NHS England pauses AI project fed health data of 57m patients

James Ball

NHS England pauses AI project fed health data of 57m patients

One of the biggest AI projects in the NHS has been paused after concerns were raised that it may have used the health records of 57 million people without the correct permissions.

Foresight, a project using Meta’s open-source AI model, Llama 2, was designed to “predict what happens next based on previous medical events” and fed with data from millions of patients’ records, stripped of identifying information and addresses. Experts have warned that even anonymised health records can retain enough information to make individuals identifiable. Meta gained no access to patient data.

The project was signed off using a process created during the pandemic to fast-track Covid-related research. However, it is not clear that it primarily relates to the pandemic, and one researcher expressed concern that it was possible to make a tenuous link to Covid to gain approval. “How is it informing our understanding of Covid?”, they asked.

Both the Royal College of GPs (RCGP) and the British Medical Association have raised concerns with NHS England that proper procedures were not followed.

They accuse the research consortium, led by Health Data Research UK, of neither informing nor consulting an advisory body of doctors before feeding patient data to Foresight, and suggested that this could undermine public confidence and professional support for the use of AI systems in the NHS. Both bodies have asked NHS England to refer itself to the Information Commissioner’s Office, which oversees data protection.
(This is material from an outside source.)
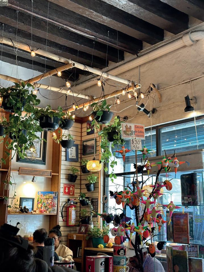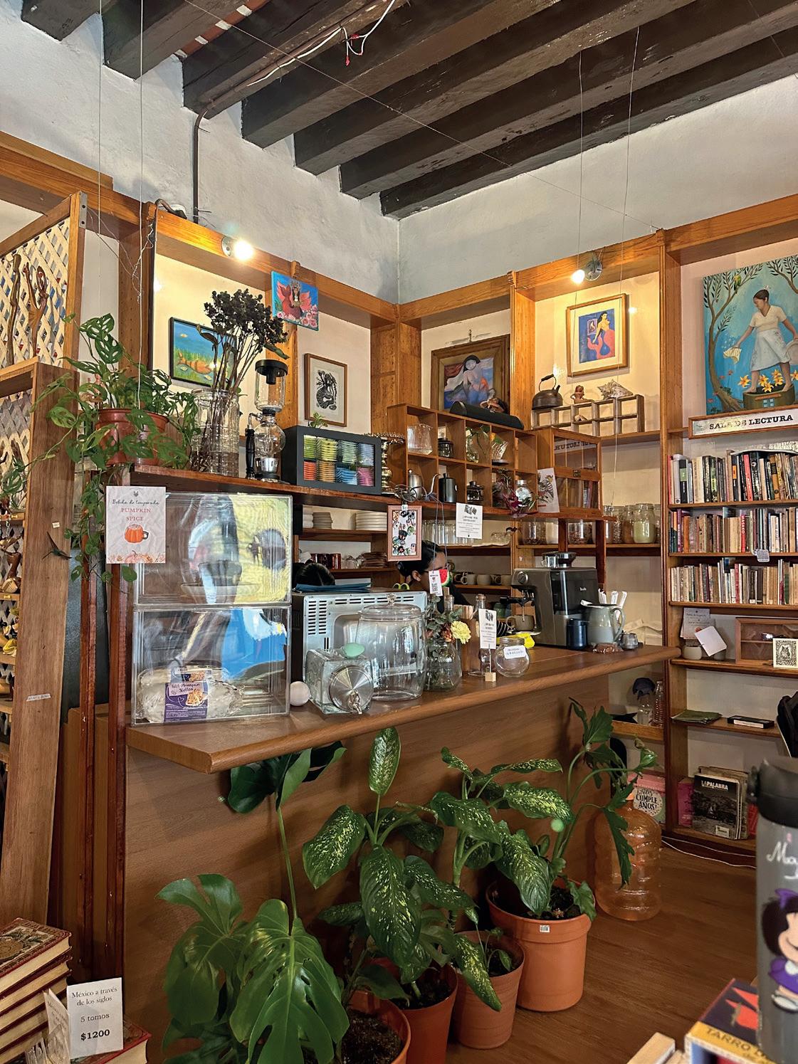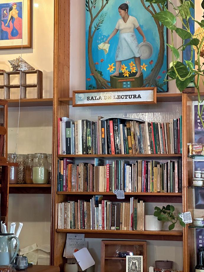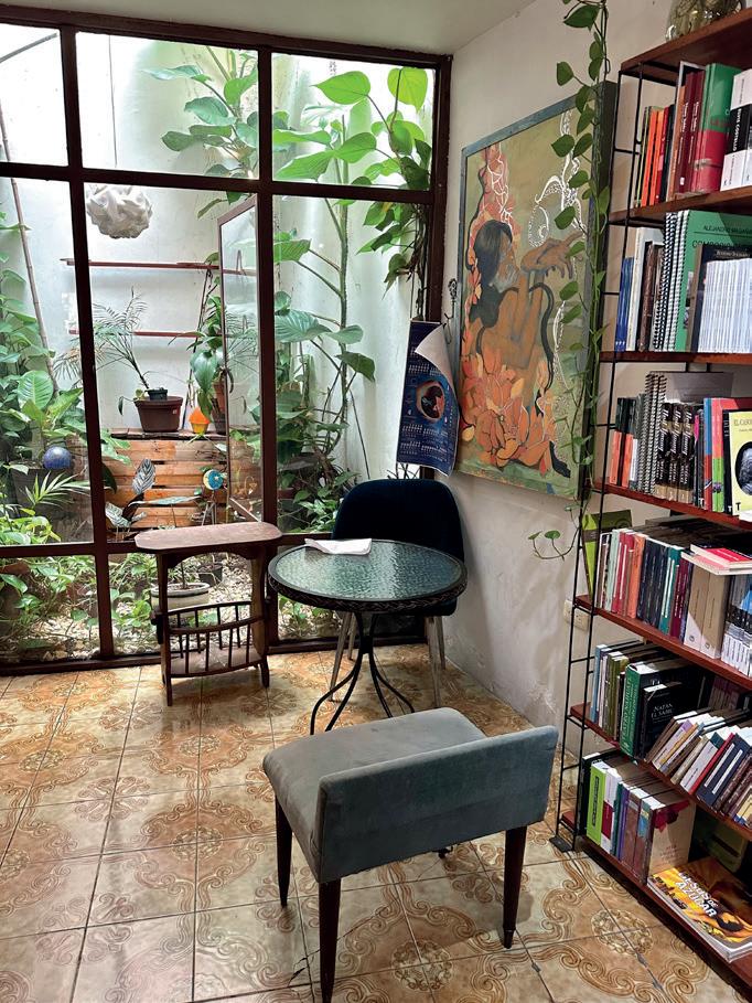 La Rueca de Gandhi considero que es la librería con mejor valor agregado, ya que cuenta en su interior con una cafetería llamada “Ancestros”. Tienen un espacio designado dentro de la librería para que las personas puedan sentarse a tomar una taza de café, comer una rebanada de pastel de chocolate y convivir con sus allegados. Es un espacio tranquilo, decorado con mucha vegetación que capta la atención del usuario al instante. Sin duda es un espacio cuidado y bien pensado, que invita a quedarse más tiempo del planeado. La librería también cuenta con clases de tejido con gancho que se imparten todos

“GPs take the management of their patients’ medical data very seriously, and we want to be sure data isn’t being used beyond its scope, in this case to train an AI program,” said Professor Kamila Hawthorne, chair of the RCGP council. “Patients need to be able to trust their personal medical data is not being used beyond what they’ve given permission for, and that GPs and the NHS will protect their right to data privacy. If we can’t foster this patient trust, then any advancements made in AI – which has potential to benefit patient care and alleviate GP workload – will be undermined.”

An NHS spokesperson confirmed that research using the Foresight model had been paused and said doctors could review the general data-sharing agreement used for the model even if they had not been consulted on that particular project.